O papai, a KGB e os tipos de gente
21/02/2025

- No mundo tem todo tipo de gente papai? Meus filhos de cinco anos, Óliver e Vicente, fizeram-me essa pergunta, ao entrar no pequeno escritório que mantenho em casa. Como duas tempestades tropicais, disputaram a dianteira na corrida até que, depois de uma desaceleração brusca, fitaram meu rosto com a seriedade de agentes da KGB, a polícia política da antiga União Soviética.
As crianças são a essência da filosofia, elas nos convidam a lembrar de perguntas que não fazemos mais, é como se refizéssemos o caminho da infância. Ignorei a preocupação sobre a origem da dúvida, antevendo que certamente se tratava de um conteúdo que atravessou a cortina de ferro de cuidados dos pais pela facilitação liberal dos avós. Decidi testar a atenção deles com uma resposta mais elaborada.
Depois de buscar dois livros em minha biblioteca, coloquei um sentado em cada perna e respondi: - Da perspectiva dos tipos psicológicos, não acredito que tenhamos uma variedade muito grande. Expliquei para eles que, embora exista uma variedade quase infinita de decisões na vida de cada uma das pessoas, que levam a diferentes caminhos, eu acreditava que existiam realmente tipos psicológicos limitados.
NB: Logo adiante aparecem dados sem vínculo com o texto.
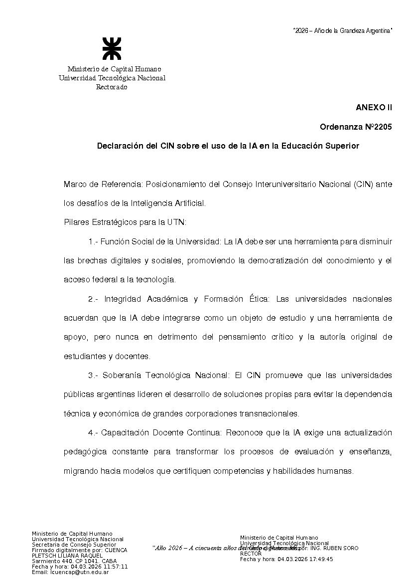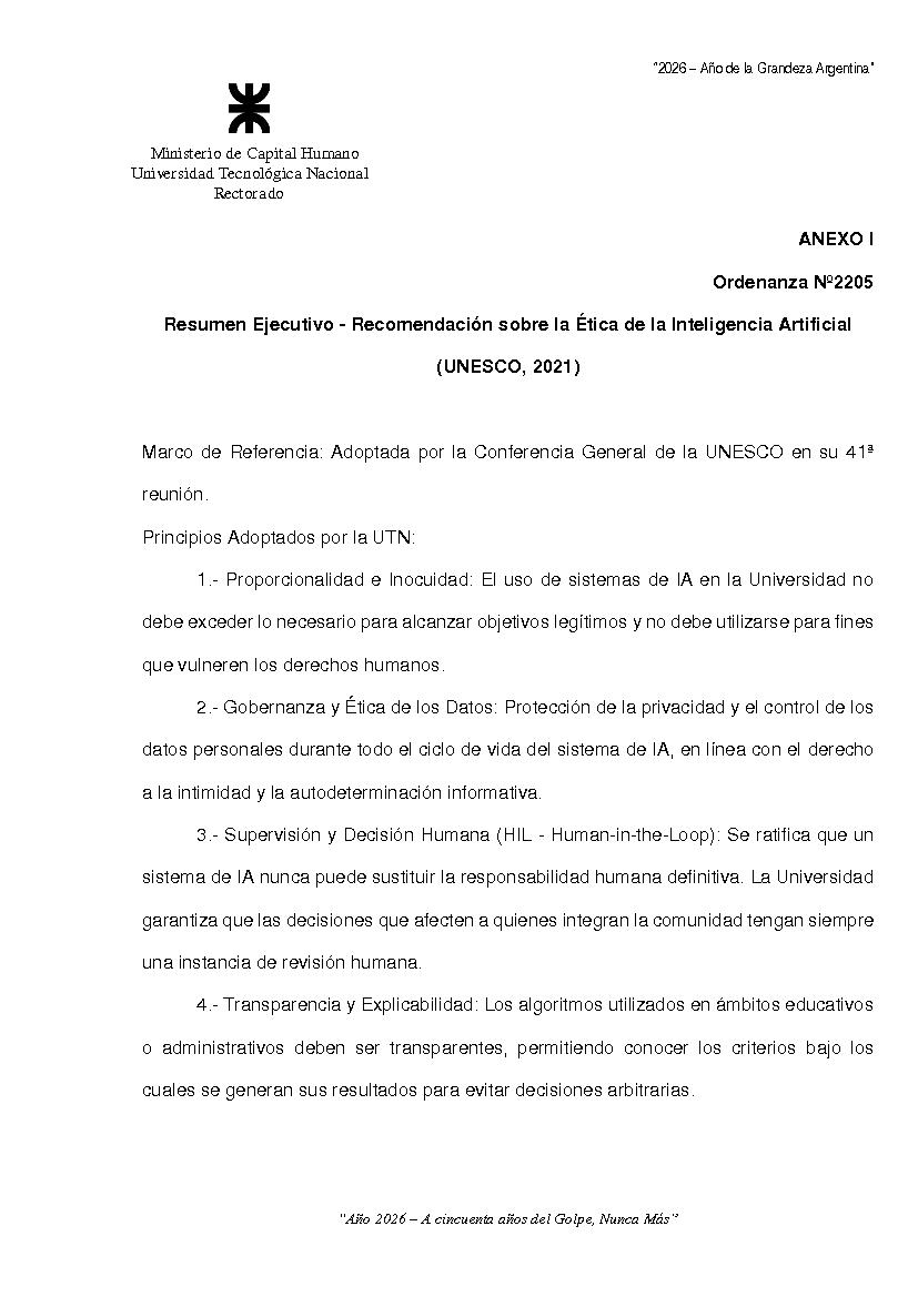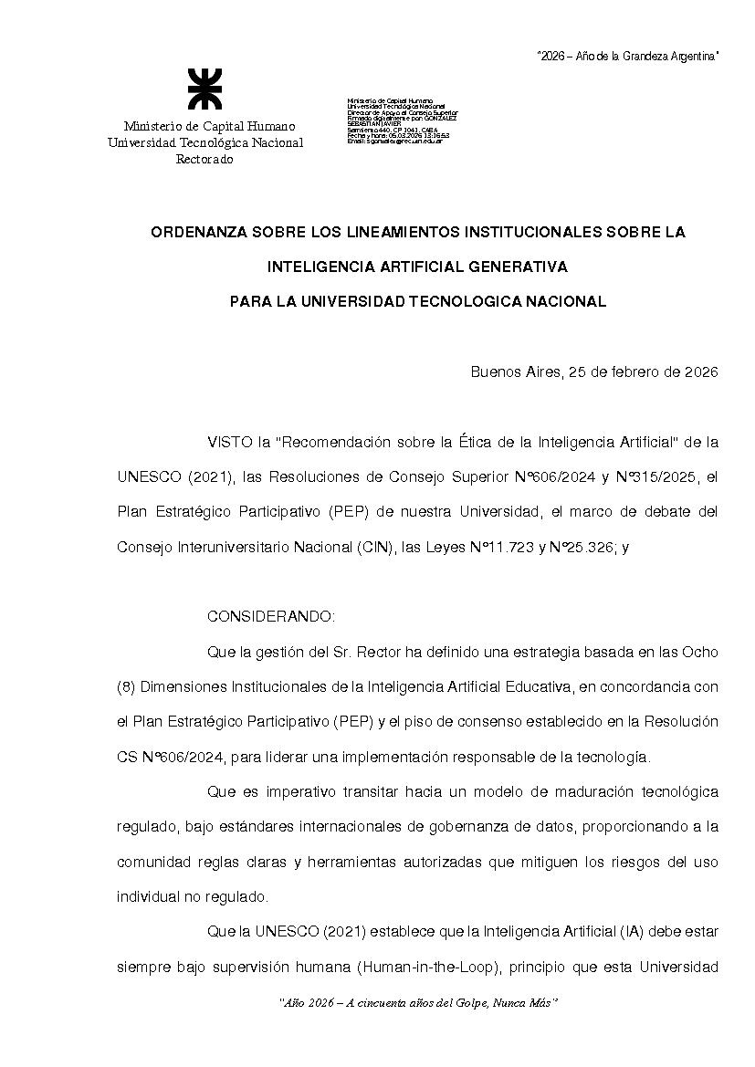 Sitio de la Secretaría Solicitud de Documentos no cargados Iniciar Sesión Ver 1ª parte Ordenanza 2205 de Consejo Superior Categorías Inicio > Interpretación y ReglamentoInicio > Indice > Año 2026 > 1° Reunión Temática: ORDENANZA SOBRE LOS LINEAMIENTOS INSTITUCIONALES SOBRE LA INTELIGENCIA ARTIFICIAL GENERATIVA PARA LA UNIVERSIDAD TECNOLOGICA NACIONAL Fecha: 25/02/2026 Ingrese aquí para Imprimir el Documento

Contei que um antigo médico chamado Cláudio Galeno (129-216 d.C.) foi responsável por difundir esse pensamento, ao se tornar médico de imperadores romanos: Marco Aurélio, Cômodo e Sétimo Severo. Ele se formou em Pérgamo, onde havia uma das bibliotecas mais famosas do mundo antigo e um templo dedicado a Asclépio, o deus grego da medicina e da cura (seu bastão está no símbolo da medicina moderna). Lá já era ensinada essa lição, atribuída a Hipócrates (460-377 a.C.).
Galeno acreditava que o equilíbrio ou o excesso de certos fluidos no corpo determinava características físicas e psicológicas: além do tipo equilibrado, existia o sanguíneo (sangue), extrovertido, otimista, sociável; o colérico (bile amarela), enérgico, impulsivo, dominante; o melancólico (bile negra), introspectivo, sensível, artístico, e o fleumático (fleuma), calmo, metódico, pacífico.
Expliquei também que a ciência refutou a teoria de que os fluidos (ou humores) influíam no corpo, ainda que a língua tenha incorporado os termos, e seguiu investigando a hipótese aparentemente verossímil da existência de tipos psicológicos. Carl Gustav Jung (1875-1961), fundador da psicologia analítica, foi um dos principais pesquisadores a retomar, modernamente, o tema.
Para ele, os tipos psicológicos decorreriam da diferença de percepção e interação das pessoas com o mundo. As diferenças estariam relacionadas a quatro funções psicológicas principais (pensamento, sentimento, sensação e intuição), e duas atitudes fundamentais (extroversão e introversão). A partir desses elementos e suas combinações, Jung propôs a existência de oito tipos psicológicos principais.
Vários instrumentos de avaliação psicológica foram criados com base na teoria de Jung. Isabel Briggs Myers e sua mãe, Katharine Cook Briggs, por exemplo, propuseram um instrumento de avaliação psicológico chamado de MBTI (Myers-Briggs Type Indicator). Nesse instrumento são descritos dezesseis tipos psicológicos. E muitos outros foram criados, como extensão da teoria de Jung ou como teoria com fundamento próprio. Mesmo sem consenso (nunca haverá na ciência), observamos uma tendência ao reconhecimento de um número reduzido de tipos psicológicos.
Respondi para eles que eu não acreditava que no mundo existia “todo tipo de gente”, porque isso poderia considerar possíveis perfis de existência fora do grande sistema social e das limitações físicas humanas (como a maior parte dos heróis da Marvel). Mesmo assim, enfatizei que os apoiaria na construção de suas identidades, que respeitaria as características dos tipos de personalidade que desenvolvessem. Só não abriria mão do intransigente respeito à Lei e à Ética.
Afinal, se as personalidades são múltiplas, as inteligências também são. E, como refere o psicólogo Howard Gardner, que liderou pesquisas revolucionárias na Universidade de Harvard sobre o tema, cabe a nós ajudar nossos filhos a encontrarem seu caminho, dentro de suas habilidades.
No final, depois de minha longa explicação, eles riram e colocaram um ponto final na minha verborragia: - Não papai, todo tipo de gente ... alto, baixo, gordo, magro ... isso. Diante do meu exagero (que revela minha percepção de mundo e atitude), decidi redigir este texto para economizar tempo em uma abordagem futura de meus jovens pesquisadores.